Throughout its roughly 1,600-year history, Venice has faced two possible fates: sink or swim.
To stay above water, the lagoon metropolis has depended on ambition and innovation, from its beginnings as an island refuge from Lombard invaders to its capitalist peak as a global mercantile superpower. Even when the spice trade dried, Venice refused to drown, spending centuries refining its palazzo architecture, aquatic engineering and glassmaking to become an epicenter of art and culture that now draws over 20 million visitors each year.

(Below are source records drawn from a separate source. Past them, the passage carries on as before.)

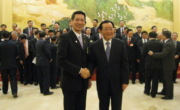 泰国华人青年商会常务副会长、泰国广肇商会会长、泰国中华总商会会董邝锦荣于2011年3月3日至13日列席了在北京召开的"中国人民政治协商会议第十一届全国委员会第四次会议"。大会期间,听取了贾庆林主席的政协全国委员会常务委员会工作报告;听取了王志珍副主席关于政协十一届三次会议以来提案工作情况的报告,并参加了三场政协委员的大会发言和多次小组讨论,中共中央政治局委员、全国政协副主席王刚,全国政协副主席、致公党中央主席万钢,全国政协港澳台侨委员会主任陈云林,与及中共统战部,国务院侨办,中国侨联,致公党中央委员会,北京市侨办,北京市侨联等主要领导分别会见和宴请了来自21个国家38位列席代表。 在小组讨论会上,邝会长的"关于利用中国国力资源涵养海外中青年侨领的建议"被大会秘书处做为"会议简报",真正起到了参政议政的作用。
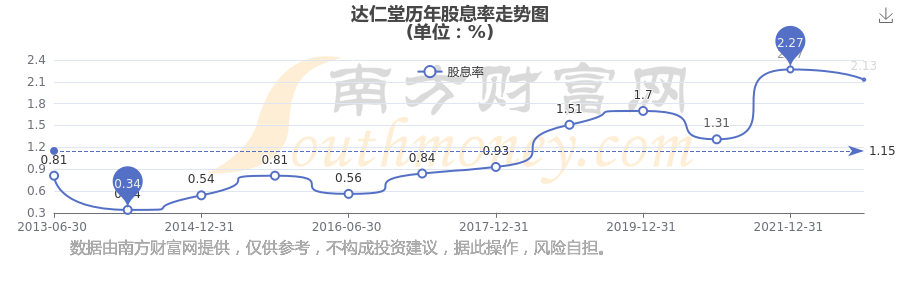 近年達(dá)仁堂年度股息率走勢如下圖:
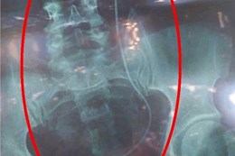 Tại bệnh viện, bác sĩ xác định đây là trường hợp dị vật gây tổn thương niệu đạo. Kết quả chụp X-quang và siêu âm cho thấy dị vật nằm trọn trong bàng quang.
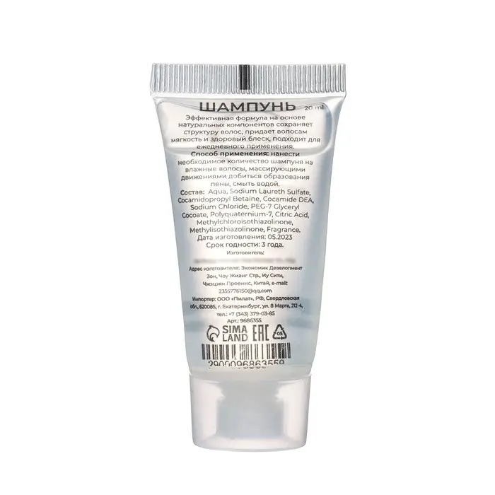 Одноразовый шампунь для волос предназначен для использования в спортзалах, бассейнах, отелях, гостиницах и СПА комплексах, а также удобно взять с собой в поход, путешествие. Легко смывается. Преимущества туб с шампунями заключается в том, что из них не проливается содержимое, а также присутствует возможность увеличенного расхода, чтобы максимально промыть каждый участок волос. Также достаточно легкий вес, чтобы носить с собой. Эффективная формула на основе натуральных компонентов сохраняет структуру волос, придает волосам мягкость и здоровый блеск, подходит для ежедневного применения. Подходит для всех типов кожи и волос.
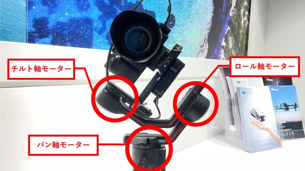電源を入れる前に、モーターのロックを解除します。RS 3/RS 3 Pro には3つのモーターがあり、それぞれチルト軸、ロール軸、パン軸を支えています。以下の写真はモーターがロックされた状態です。
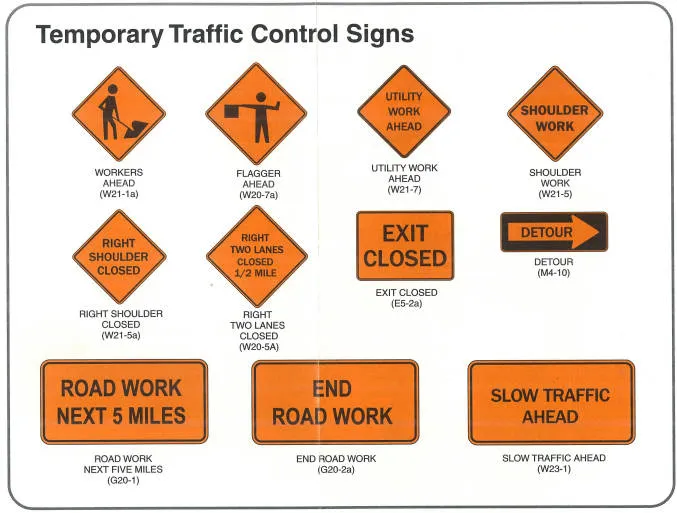 Temporary or construction signs are used in work zones to warn drivers about roadwork, lane changes, workers present, and temporary traffic patterns. Understanding these signs is critical—penalties are often higher in construction zones

Venice continues to exist on the vanguard. In an age of overtourism, the city's authorities annoumnced a new “tourist tax,” the first ticketing system of its kind, requiring day travelers to pay a fee before stepping foot into the Serenissima. To combat discarded plastic bottles flooding the city's corridors, visitors are required to bring refillable bottles, which can be used at any of the 126 public drinking fountains found every 300 feet in the city center.
Venice's enterprising spirit can occasionally go too far. A recent video on social media of two tourists cruising down Venice’s Grand Canal on motorized surfboards prompted Venice’s mayor to promise a free dinner to anyone who identified the fugitive daredevils. The pair were eventually fined 1,500 euros each. Still, that pales in comparison to the billions officials have spent on Moses, a movable system of 78 barrier gates anchored into the seafloor that walls off the lagoon during flood surges from increasingly higher tides in the rocky northern Adriatic Sea.

One of the city's best-known residents, the French industrial designer Philippe Starck, proposed a space-age remodel of the gondola with seaweed bio-resin oars and solar-powered gyroscopic stabilizers to help navigate colder winters. “I have a lot of admiration and respect for the gondola, one of the most complex boats in the world," Starck said. "Its design is completely asymmetric, but nevertheless its weight is perfectly balanced and can go straight even in the hardest conditions. It’s pure magic.”

Perhaps there is magic in lagoon water. For more than 120 years, the Venice Biennale has drawn hordes of intellectuals and aesthetes to the national pavilions at the Giardini. This year, the British-Indian artist Anish Kapoor has transformed Palazzo Manfrin into a modernist sculpture hall called the Manfrin Project. “I hope I can add something to the vocabulary of color and shape that is Venice’s gift to the world," Kapoor said.